Working Register · Tier C · 2026-05-05 · deliberative scratch, not a compiled surface
What this is and what it isn't
This is a working register entry responding to two harness-engineering papers (Tsinghua's NLAH, Stanford's Meta-Harness) and a Subtraction Principle framing from Anthropic. It is not a Tier-B compiled surface candidate. It does not seal, does not parent into a hash chain, does not invoke any attestation. It is deliberative scratch — the kind of artifact the three-tier classifier protects from Court evidence and governance audit precisely so that honest work-through can happen here without performance pressure.
The output is a structured audit running through the twelve operational skills one by one and asking: does this skill encode a capability gap (subtraction-candidate as models improve) or a normative requirement (persists regardless of capability improvement)? The audit is intended to inform a future Tier-B revision of the runtime orchestration guide if it survives review, but it is not itself that revision.
The findings worth taking seriously
Reading the two papers and the Subtraction Principle framing together, four claims land hard enough that 5QLN should respond to them rather than wait them out.
One. Same model, 6× performance gap from harness alone.
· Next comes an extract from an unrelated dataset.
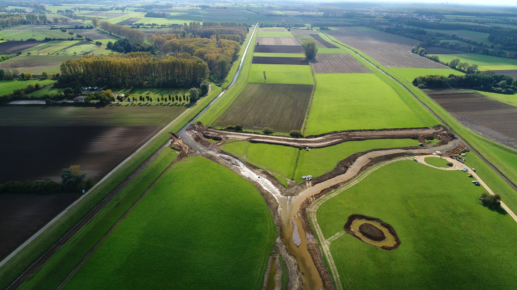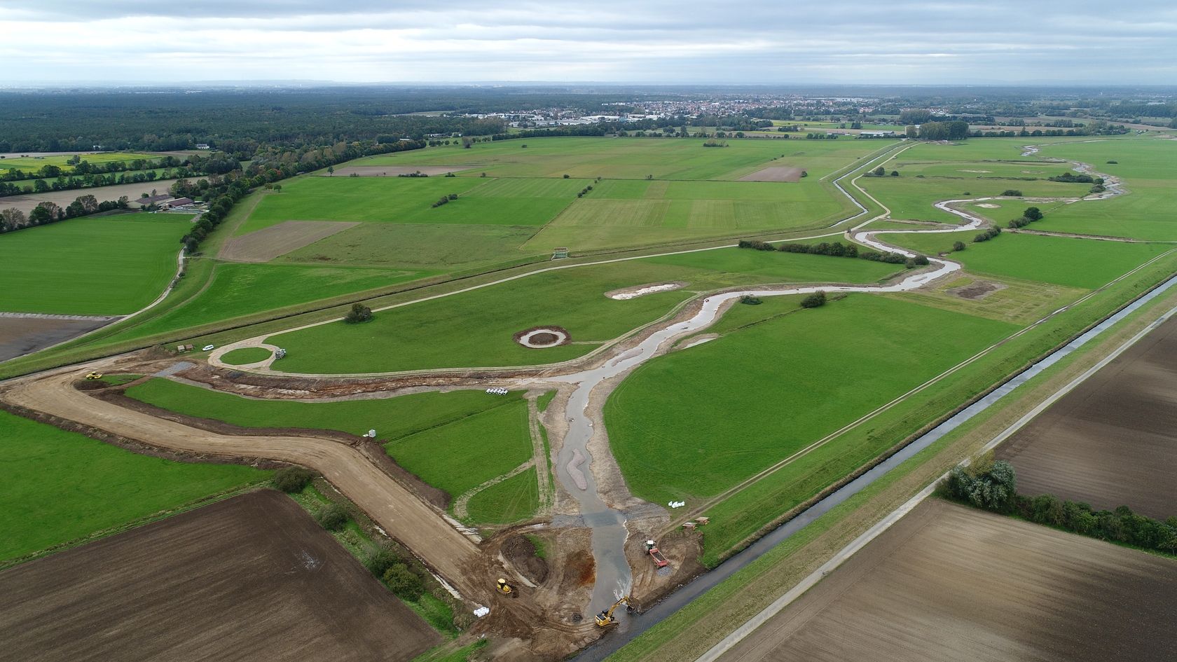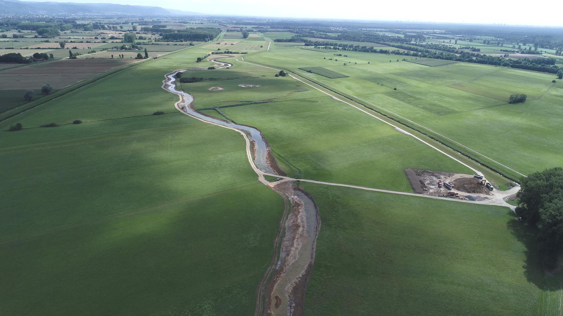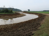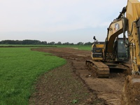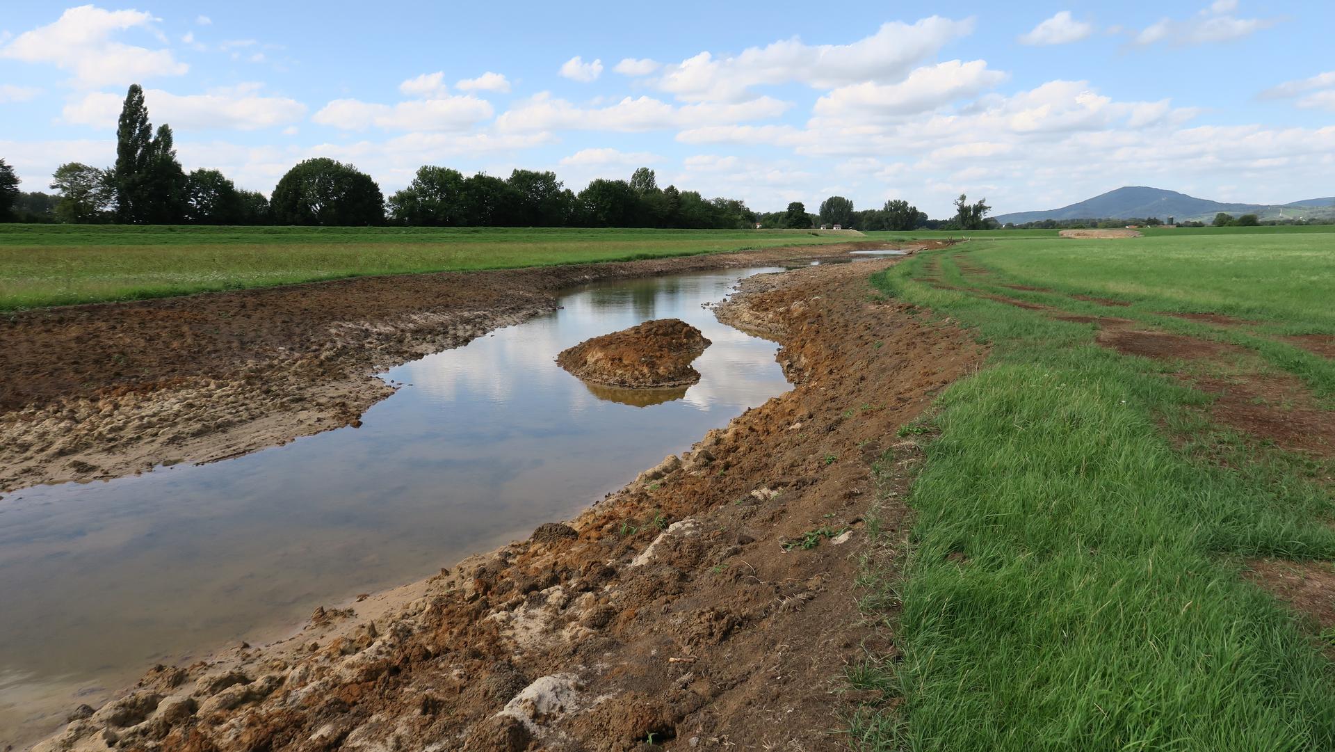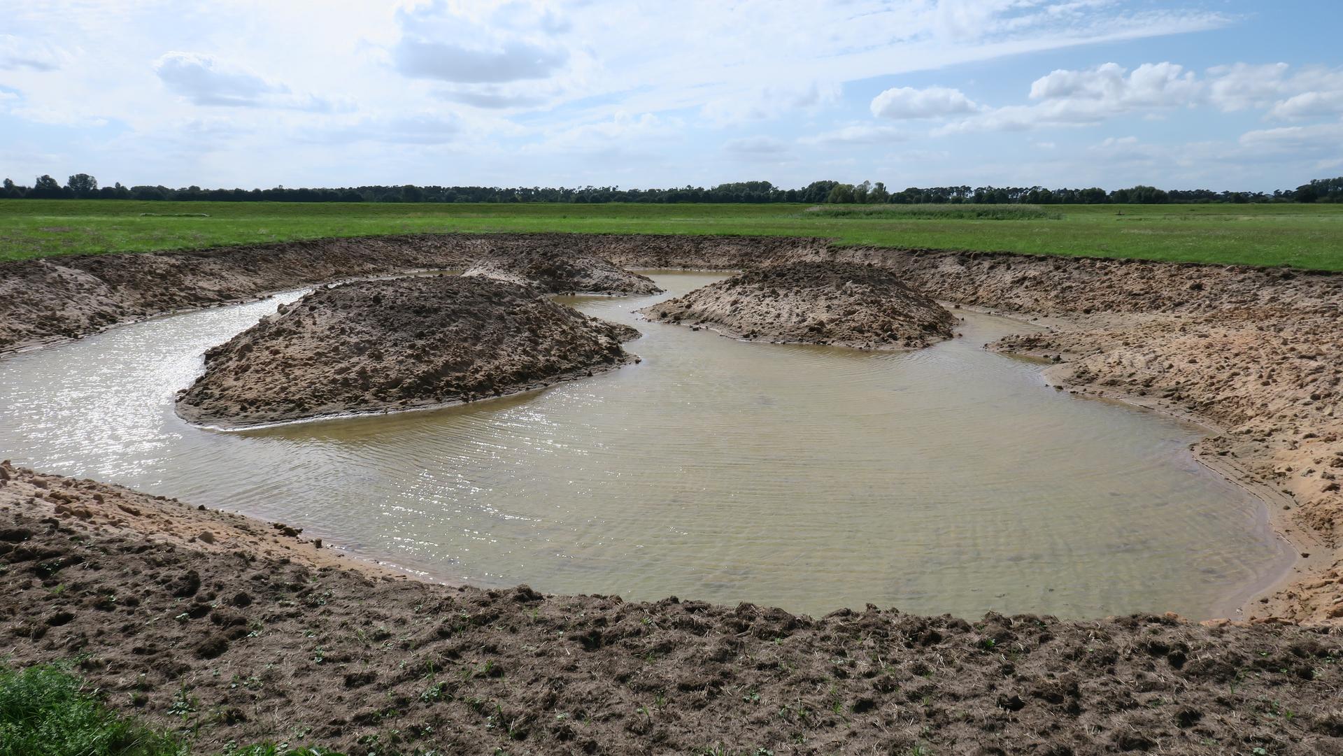 Fast ist es geschafft. Die Erdarbeiten haben das südliche Ende der neuen Gewässertrasse erreicht und die meisten Teiche und Tümpel sind fertiggestellt.

This is now empirical, not anecdotal. The architecture wrapping the model determines more than the model choice. For 5QLN this is a validation of the entire premise — the twelve skills + the master equation + the Constitutional Block are precisely such a wrapping — but it also means the wrapping is the legitimate object of engineering attention, and that means the wrapping is also where regression can happen invisibly.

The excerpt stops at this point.